University
The Nineteenth And Twentieth Centuries
Nineteenth-century German educational reformers revivified and gave new meaning to the idea of the university. Karl Wilhelm, baron von Humboldt (1767–1835), minister for education in Prussia, believed that universities should support Wissenschaft, faculty research and discovery in all fields, and should foster Bildung, or cultivation, meaning broad intellectual development and humanistic culture, in students. The new University of Berlin, founded in 1810, embodied Humboldt's vision. The renewed emphasis on research echoed the importance of innovative scholarship in theology, philosophy, law, and medicine by professors at medieval and Renaissance universities. The German research university of the second half of the nineteenth century realized the first goal and was widely copied by North American universities in the twentieth century. Many universities, especially those focusing on undergraduate education, in England, North America, and parts of the world influenced by England, emphasized a version of Bildung and called it liberal education in English and culture générale in French.
Beginning in the nineteenth century, governments assumed a greater role in higher education in Western Europe and the United States. National governments in France, Germany, Italy, and elsewhere founded new state universities and closed or took control of church-sponsored institutions. Governments provided funding for universities, but also brought them under the control of ministries of education and made professors into civil servants. This process continued in the twentieth century, especially in the former Soviet Union (1917–1991). In the United States, state governments founded land-grant colleges in the nineteenth century that often became the largest and most important universities in the state. Although the United States still has a large number of colleges and universities affiliated with religious denominations, the ties between churches and universities have weakened and sometimes been dissolved. Church-affiliated universities have become less insistent that professors be members of the affiliated church, and they increasingly attract students of many faiths or none at all.
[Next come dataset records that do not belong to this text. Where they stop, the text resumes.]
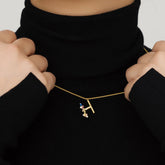 Collar Letra H, realizado en Plata de Ley 925 con baño denso de oro de 18k y circonitas de colores engarzadas que hará que se mantengan como el primer día aunque no te lo quites nunca. Largo total de 50 cm + 15 cm de extensión para ajustar a la medida deseada.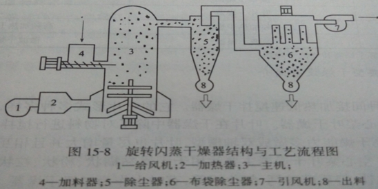 旋轉(zhuǎn)閃蒸式干燥器的直徑一般在400~1600mm之間;物料在干燥器中停留的時(shí)間可根據(jù)物料的性質(zhì)及要求通過(guò)熱風(fēng)溫度、風(fēng)量進(jìn)行調(diào)節(jié),約5~500s之間,熱風(fēng)溫度一般為110~650℃。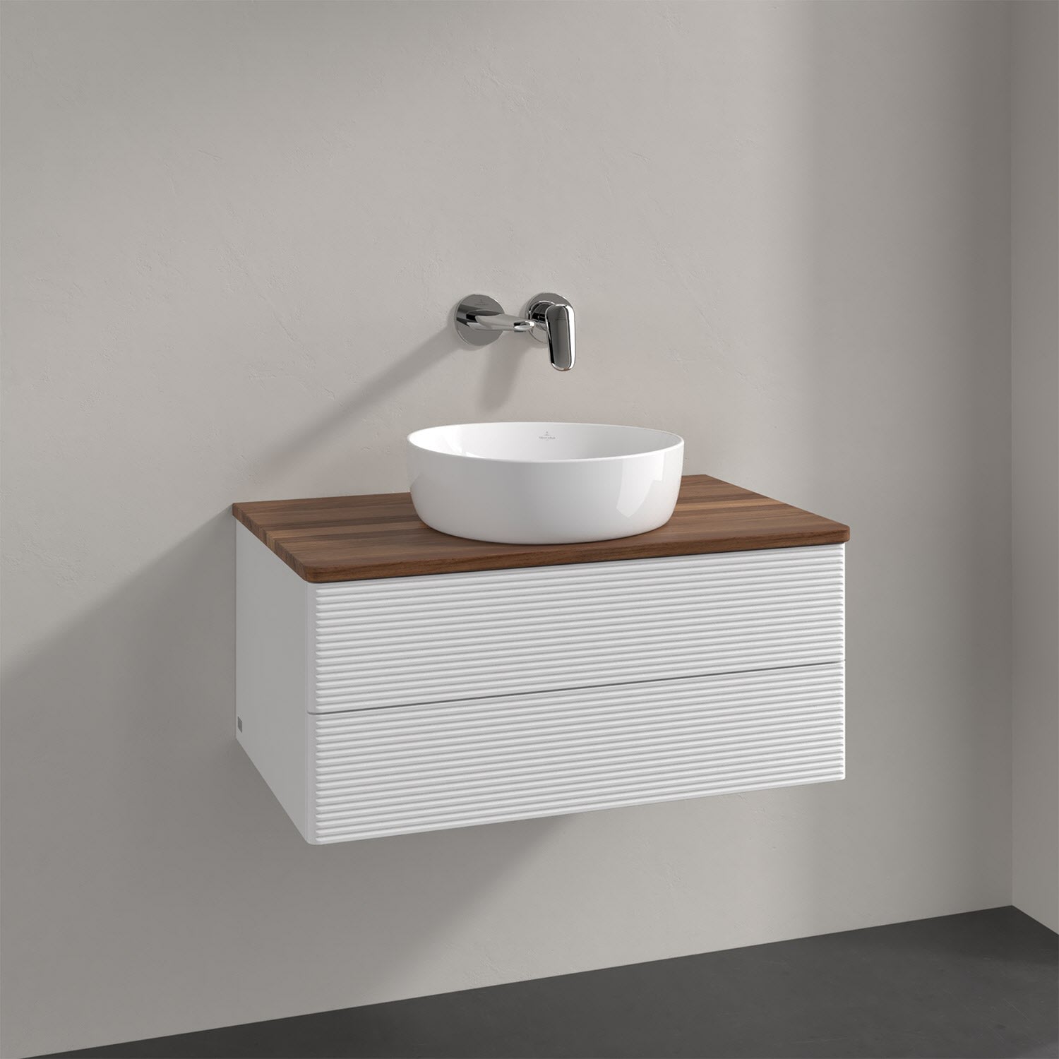 Villeroy & Boch Antao Waschbeckenunterschrank, 80 x 19 cm, 2 Auszüge, Fronten mit Struktur, ohne Hahnloch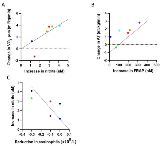Significant correlations (Spearman’s rho correlation) between improvements in physical fitness, increased redox capacity and inflammation. (A) A greater increase in maximum oxygen uptake is associated with a greater increase in pre-CPET nitrite from baseline (r = 0.943, p = 0.019), (B) a greater increase in oxygen uptake at AT strongly correlates with a larger increase in FRAP (r = 0.886, p = 0.019), and (C) a greater increase in pre-CPET nitrite significantly correlates with a greater reduction in peripheral blood eosinophil levels (r = −0.837, p = 0.038). Abbreviations AT: (oxygen uptake at) anaerobic threshold; FRAP: ferric reducing ability of plasma.

Since World War II (1939–1945) the dominant ideas shaping the university are that it should create new learning, teach skills in all fields and especially science and medicine, help the economy create wealth, and support a knowledge-driven society. While not ignored, humanistic research and teaching are less central. The multi-university, as it is sometimes called, offers an astonishing range of institutes, centers, and schools to teach all manner of knowledge, much of it practical. Emblematic of the new conception of the university is the addition of business schools preparing students to be successful in the many areas of national and international commerce and finance.
The idea that universities should provide higher education for a much larger proportion of the population has also won wide support from the public and governments. Hence, beginning in the 1960s governments increased the number and enrollments of universities and eased or broadened admission requirements. In addition, many more older students attended universities than in the past. As a result, the number of university students in Europe, North America, and other parts of the world greatly increased in the last thirty years of the twentieth century. One or two percent, at most, of the university-age population (eighteen through twenty-four) attended European universities in the first half of the twentieth century. By contrast, about half of the university-age population received some university education in the United States at the end of the twentieth century. In Europe as well, an increasing number of young people are attending university. Also, the European Union is slowly moving toward cooperation between universities in different countries and greater mobility of professors and students.